NAME

Data::AnyXfer::Elastic::Import::DataFile - Prepare and record data for bulk import into Elasticsearch clusters

SYNOPSIS

# Writing...

my $datafile =
    Data::AnyXfer::Elastic::Import::DataFile->new(
    file => $file, # optional
    index => 'Interiors::IndexInfo',
);

while ( my $row = $rs->next ) {
    $datafile->add_document( $row );
}

my $pathclass_file = $datafile->write;


# Reading...

my $datafile =
    Core::Elasticsearch::Import::DataFile->read(
    file => $pathclass_file );

# can then get the index info back out
my $index_info = $datafile->index_info;

# someone needing to stream the data out of the data file
# would use the ->fetch_data interface
$datafile->fetch_data(\&import_data);

DESCRIPTION

This module allows us to record a dataset for import into Elasticsearch, which can then be 'played' into an Elasticsearch cluster via Data::AnyXfer::Elastic::Importer.

This allows us to ensure that the same data is imported to multiple environments, and to later replay imports or load them into other environments.

ATTRIBUTES

file

Optional. The datafile file destination. This must be a string, or a an instance of Path::Class::File.

If not supplied, but "dir" IS supplied, this instance will write to a file within dir, under a name matching the following pattern:

import.<NAME>.<TIMESTAMP>-<HOSTNAME>.datafile'

Where name is INDEX || ALIAS || 'default' .

compress option also changes destination path.

dir

Optional. The destination directory for the datafile. If not supplied, we will switch to an underlying storage backend of Data::AnyXfer::Elastic::Import::Storage::TempDirectory.

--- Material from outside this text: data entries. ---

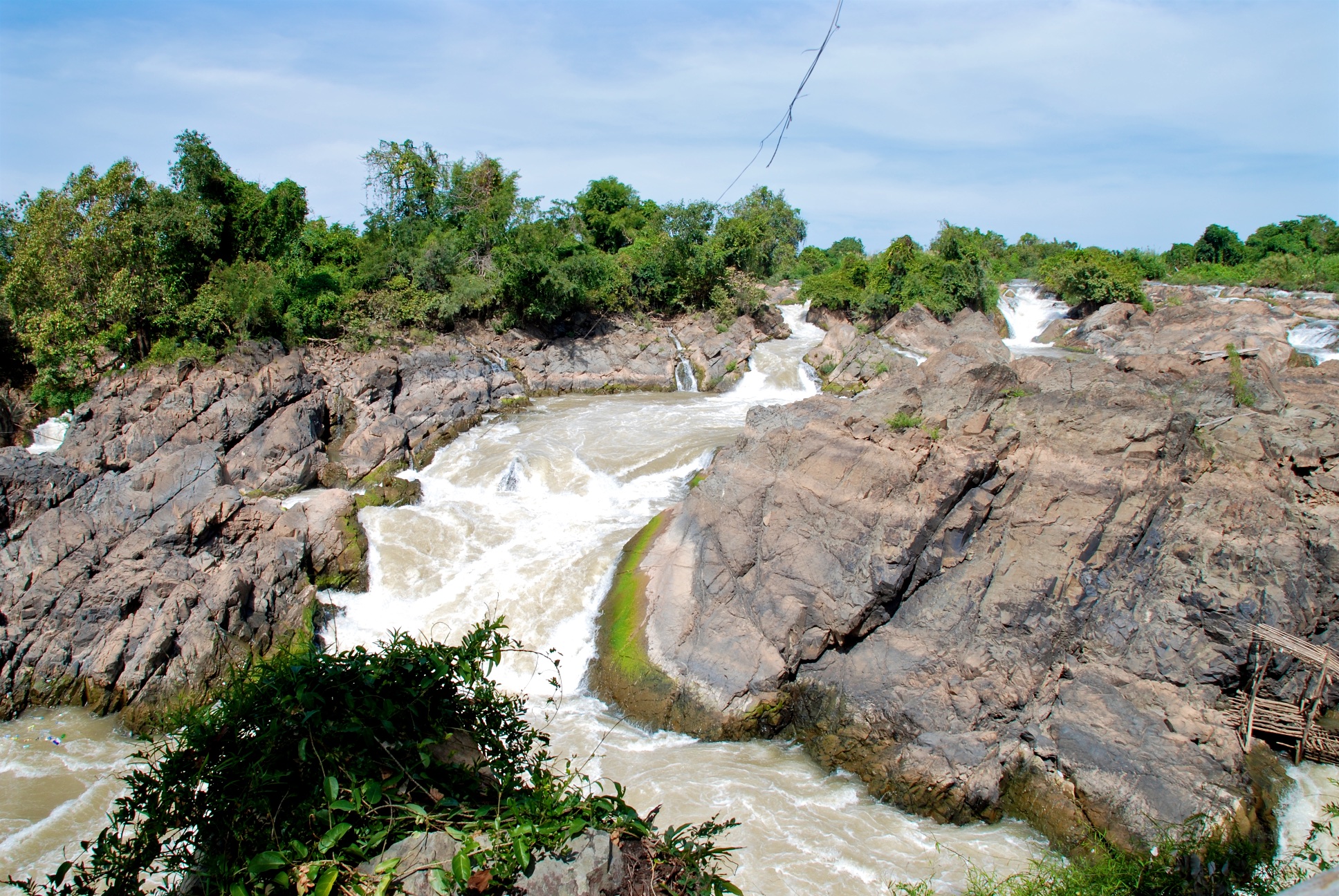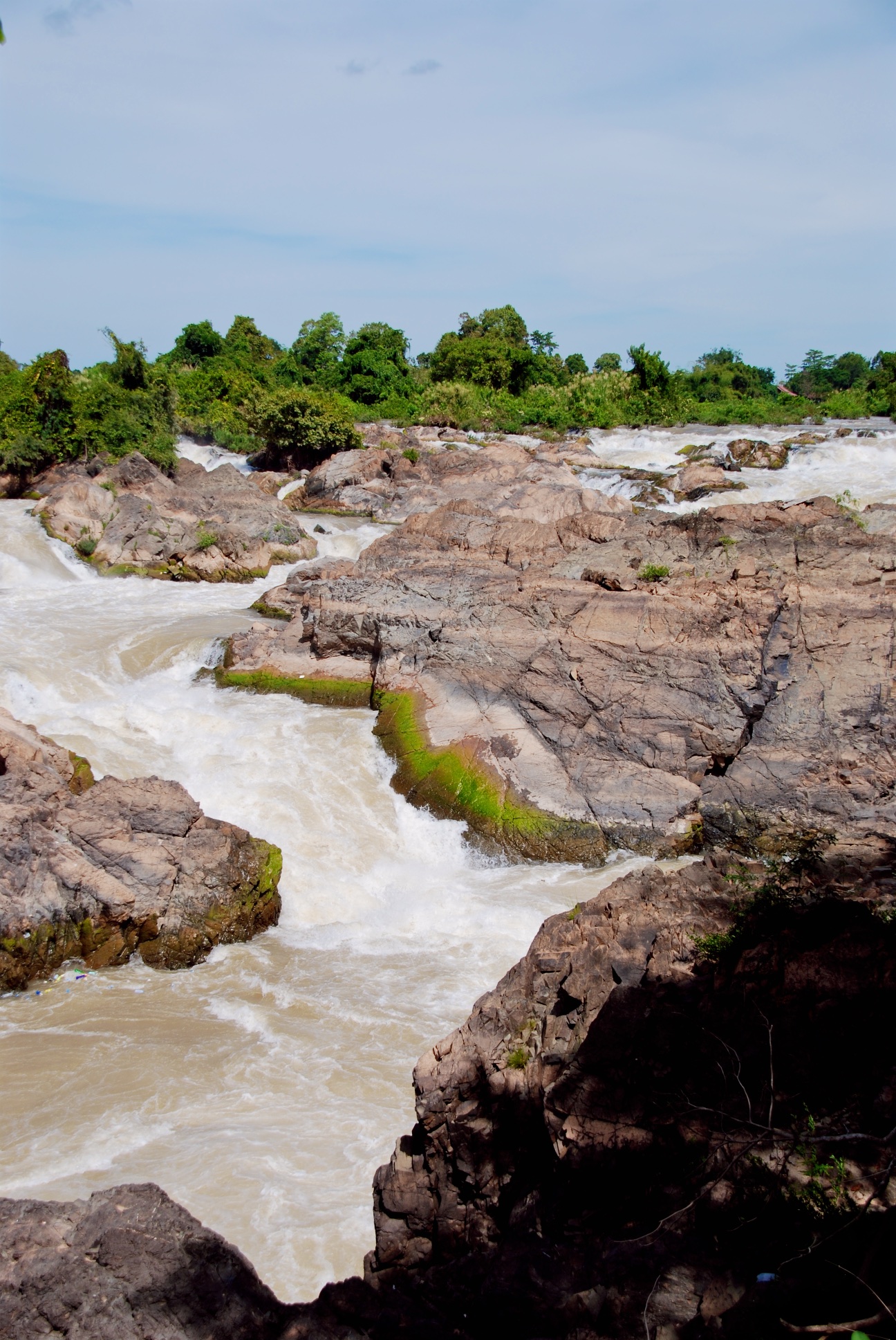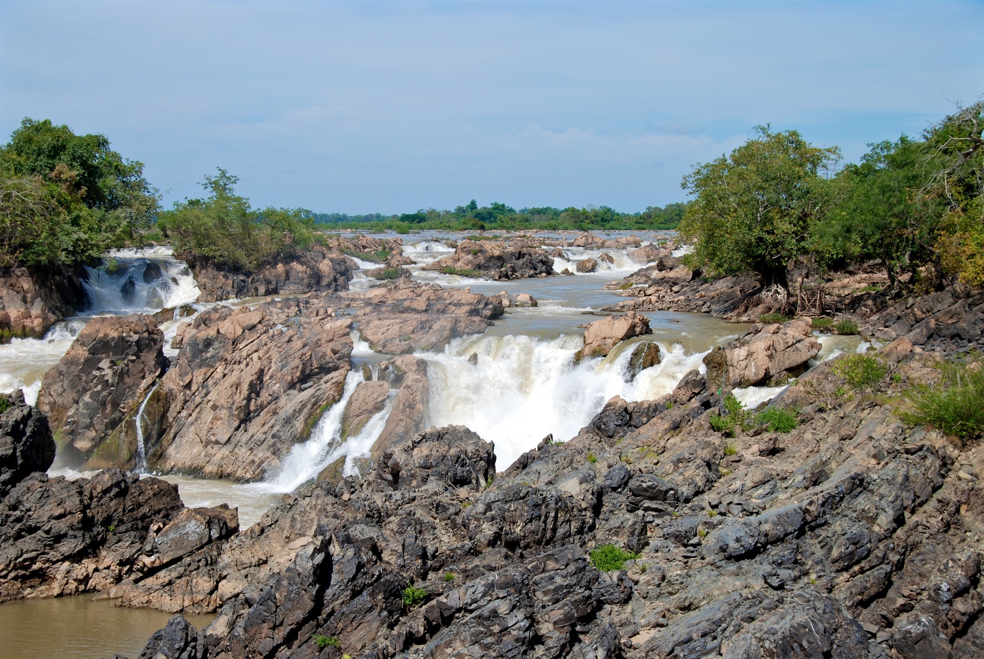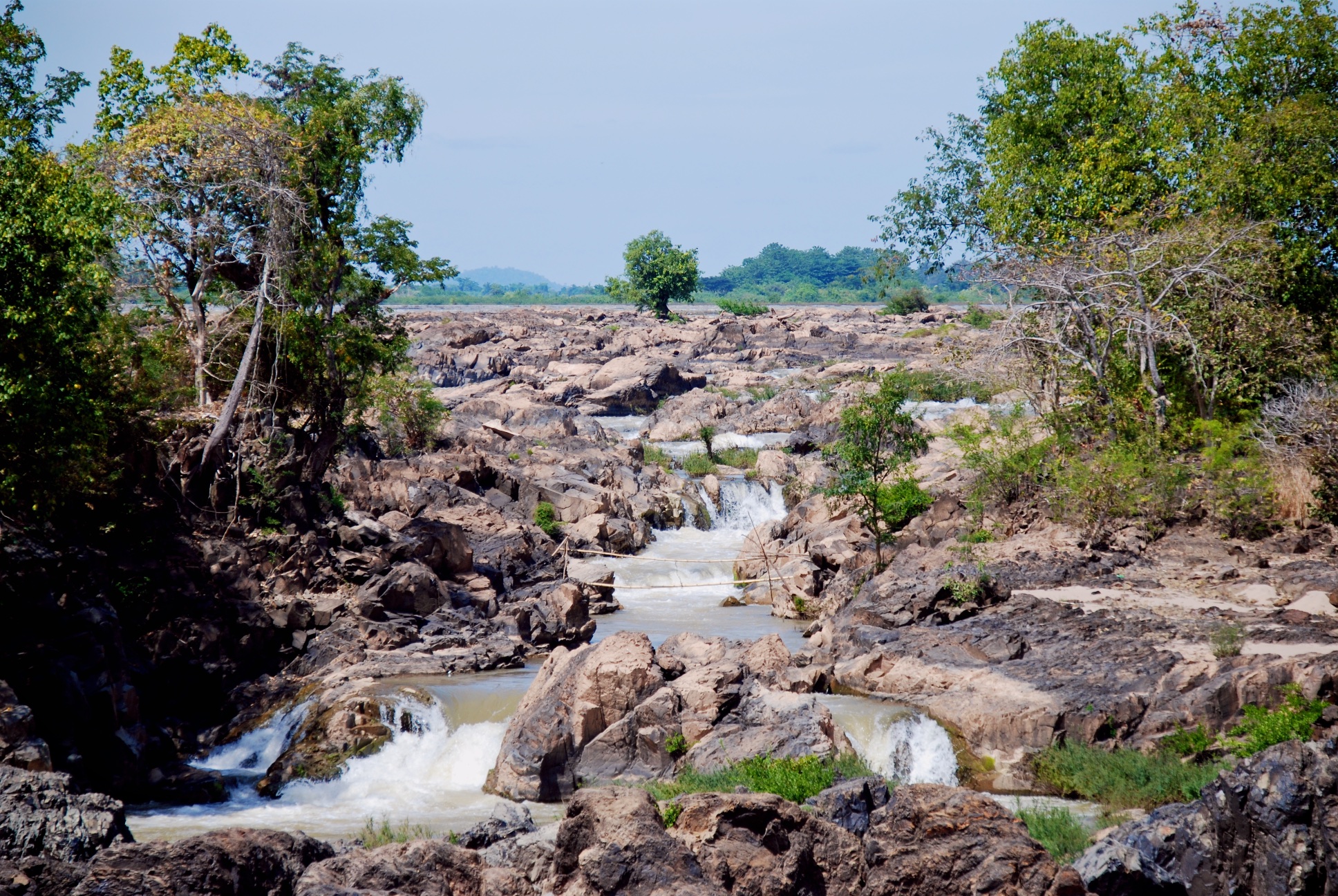 Die Wasserfälle selbst sind nicht besonders hoch, aber dafür umso breiter und recht beeindruckend. Es gibt einige Aussichtspunkte mit Bänken, die zum Verweilen einladen. Ich bin allerdings nicht allzu lange geblieben, da es mittlerweile Mittag war und ich nach einem Restaurant am Mekong suchen wollte, wo ich für ein paar Stunden der Mittagshitze entkommen konnte. Ich habe mich dann für das Restaurant des Hotel Sala Done Khone entschieden. Direkt am Fluss mit schönem Blick rüber nach Don Det. Das Essen war gut, aber sehr scharf, der Service etwas langsam, die Internetverbindung umso schneller. Daher habe ich die Gelegenheit genutzt und alle noch fehlenden Fotos hochgeladen.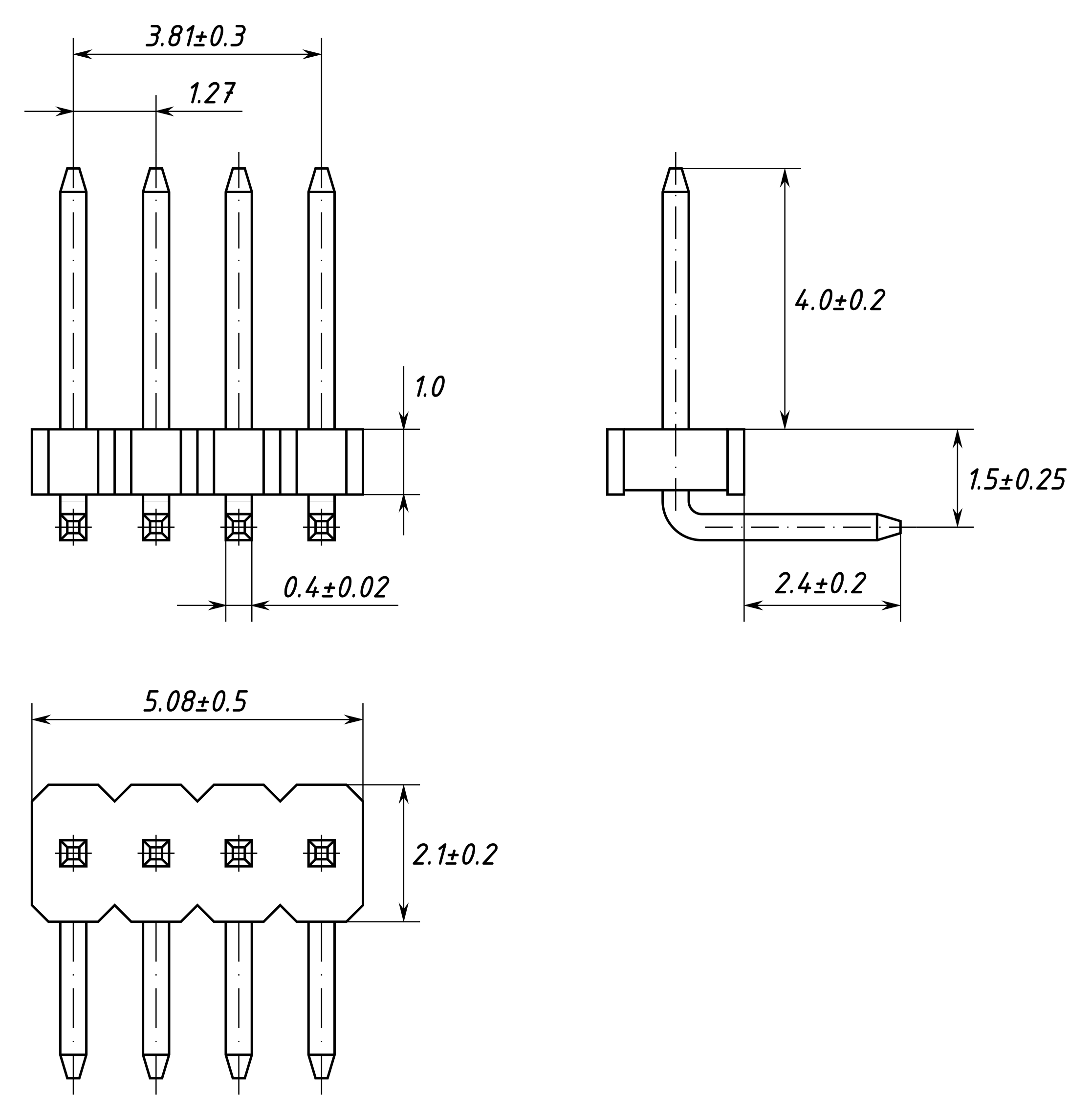 Однорядная штыревая вилка, 4 контакта с шагом 1.27мм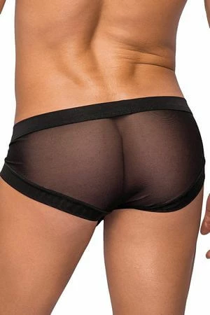 Micro mini short, lowrise waist, ultra high cut legs, plush cotton waistband, stamped logo, shaft pouch. Sheer with all way stretch, lightweight, breathable fabric. 95% Polymide 5% Spandex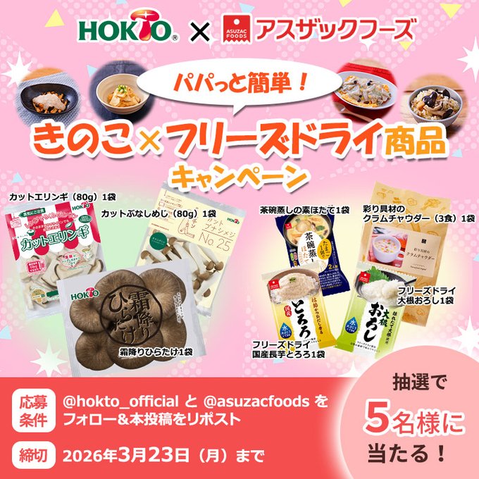 ホクト‐パパっと簡単!きのこ×フリーズドライ商品プレゼントキャンペーン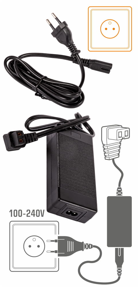 - Adapter AC / DC z przewodem zasilającym 100-240 v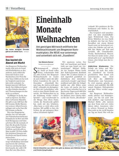Am gestrigen Mittwoch eröffnete der Weihnachtsmarkt am Bregenzer Kornmarktplatz. Die NEUE war unterwegs und unterhielt sich mit „Standlern“.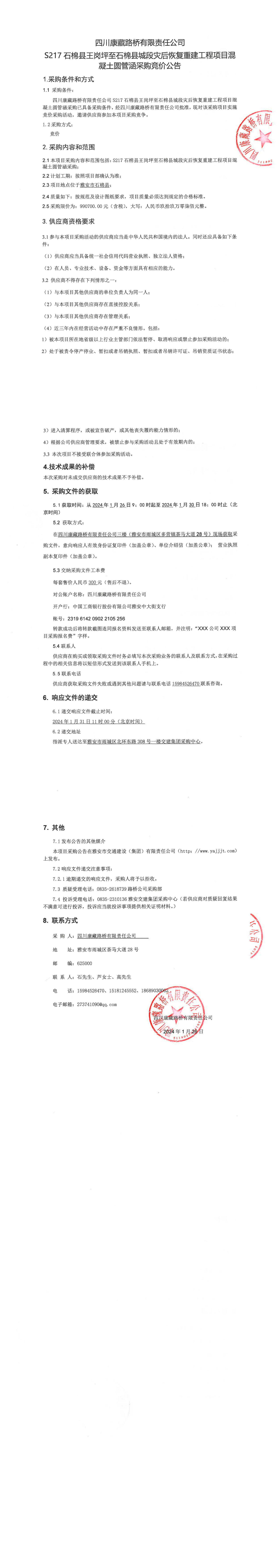 四川康藏路橋有限責任公司S217石棉縣王崗坪至石棉縣城段災后恢復重建工程項目混凝土圓管涵采購競價公告

Meaning no data will be persisted. The datafile instance can still be passed around within the current process (or until this instance goes out of scope).

storage

Optional. Manually override the storage backend used to persist the dataset.

Should be an object implementing Data::AnyXfer::Elastic::Import::Storage.

index_info

Optional. A ClassName or object instance implementing Data::AnyXfer::Elastic::Role::IndexInfo.

This will be recorded along with the data. This is simply a convenience method versus specifically setting information using "GETTERS AND SETTERS".

connect_hint
A connection hint for use with L<Data::AnyXfer::Elastic>.

Currently supports C<undef> (unspecified), C<readonly>, or C<readwrite>.
part_size

Optional. This is used for the datafile body containing the data to be imported. It will determine the number of data elements to store within a single storage entry, and will be the maximum number of data structures held in memory at any one time.

You will need to reduce this number when storing large nested data structures, and increase it as data structure size or memory limits increase.

Defaults to: 1000

data_buffer_size

Optional. This is used to determine how many documents must be added to the datafile before it will contact the underlying storage entry. This is closely related to the "part_size", as every time an item is added to an entry, all of the data held on that part in memory must be re-serialised and persisted.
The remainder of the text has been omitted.